RFR: 8067790: Better support for native implementations of Atomic::cmpxchg
Erik Österlund
erik.osterlund at lnu.se
Wed Dec 31 11:12:09 UTC 2014
Hi Kim,
Thank you for the review.
> On 30 dec 2014, at 23:05, Kim Barrett <kim.barrett at oracle.com> wrote:
>
>> On Dec 17, 2014, at 11:38 AM, Erik Österlund <erik.osterlund at lnu.se> wrote:
>>
>> RFE: https://bugs.openjdk.java.net/browse/JDK-8067790
>> Webrev: http://cr.openjdk.java.net/~jwilhelm/8067790/webrev.00/
>
> This seems like a lot of infrastructure, just to eliminate a
> per-platform conditionally defined macro and the corresponding test
> for its definition. If there were more atomic operations that could be
> similarly conditionalized, with a default version that can be
> overridden by a platform-specific version, some additional
> infrastructure might be warranted. But as it stands, I don't think it
> is.
>
> The rest of these comments only matter if, contrary to my suggestion
> above, some additional infrastructure is thought necessary.
>
This is what I originally thought too and hence the current solution. But voices said that using macros for this is, I quote, "that bad".
> The AtomicBase and various AtomicPlatform classes should not provide
> public cmpxchg(jbyte...) functions. They should instead provide
> protected cmpxchg_jbyte() functions, to be called by the public Atomic
> interface function (whch can make an unqualified call to
> cmpxchg_jbyte() and get the right version).
> (AtomicBase::cmpxchg_general should be renamed to cmpxchg_jbyte.)
>
> All of the template metaprogramming infrastructure proposed by the
> offered change set can instead be accomplished by one conditionally
> defined macro, e.g.
>
> - Along with each definition of AtomicPlatform, also define
> VM_HAS_ATOMIC_PLATFORM.
>
> - After all the atomic_<os_arch>.hpp headers have been conditionally
> included, add the following:
>
> #ifdef VM_HAS_ATOMIC_PLATFORM
> typedef AtomicPlatform AtomicSuper;
> #else
> typedef AtomicBase AtomicSuper;
> #endif
>
> [An alternative to the introduction of the AtomicSuper typedef would
> be to just conditionalize the base class for Atomic.]
>
> This scales with the number of AtomicPlatform definitions, rather than
> the number of specialized functions as happens with the existing code.

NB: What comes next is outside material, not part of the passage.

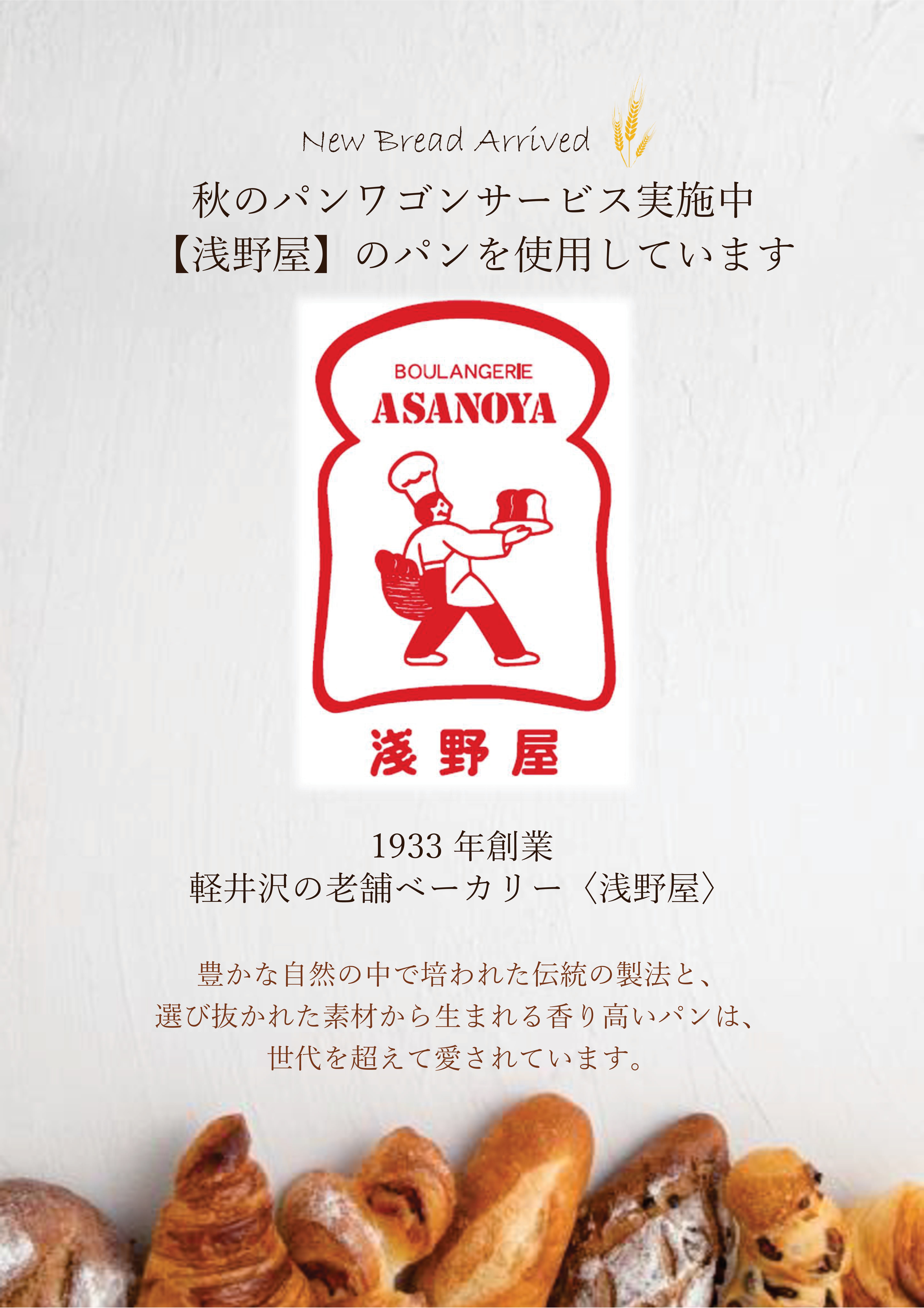 この度、フランス料理レストラン「ベルビュー」のランチ・ディナーにてご提供しておりますパンを、**1933年創業の軽井沢の老舗ベーカリー『浅野屋』さん**のパンにいたしました。

So your proposal is to still use ugly macros but move it to the class level instead, even though at the moment there is really only one member function that needs it. That feels a bit meh to be honest. IMO if we want to do this right, why go half the way and still rely on ugly macros?
>
> The rest of these comments only matter if, contrary to my suggestion
> above, the additional template metaprogramming infrastructure is
> thought necessary.
>
> I think the name "IsBaseOfAndDerived" would be better as
> "IsBaseAndDerived". That would also match the naming used by Boost,
> and several other similar libraries one can find via web search (some
> of which make explicit nod to the Boost name).
>
> The current implementation of IsBaseOfAndDerived (and therefore
> IsBaseOf) may (silently) provide incorrect answers when called with
> incomplete types. C++11 is_base_of requires Derived to be complete if
> it differs from Base. Boost has the stronger requirement that both
> Base and Derived must be complete. This is an important flaw in the
> offered implementations.
>
> The actual usage in this proposed change-set even relies on this
> flawed behavior of these metafunctions, since AtomicPlatform isn't
> always defined. This seems rather icky to me. The only way to address
> this would be to ensure that AtomicPlatform is defined for all
> targets, either via explicit empty definitions or via the
> VM_HAS_ATOMIC_PLATFORM technique described above. But if the latter,
> then we don't need all this TMP infrastructure.
>
So what you are saying here is that I should rename IsBaseOfAndDerived to IsBaseAndDerived to more closely resemble other external libraries we do not use. But if I do that my behaviour is "incorrect" because it is not identical to that of the external library. And therefore my change would not work if it was made "correctly".
On the contrary this is a well tested feature on all our supported compilers and I did not intend to engineer it to be identical to some external library if it only causes trouble rather than helping. This is our own class and it can do what we want it to do and be called what we want it to be called, and I think that is fine as long as it is well tested, which it is. At least this is my opinion. Anyone else agree?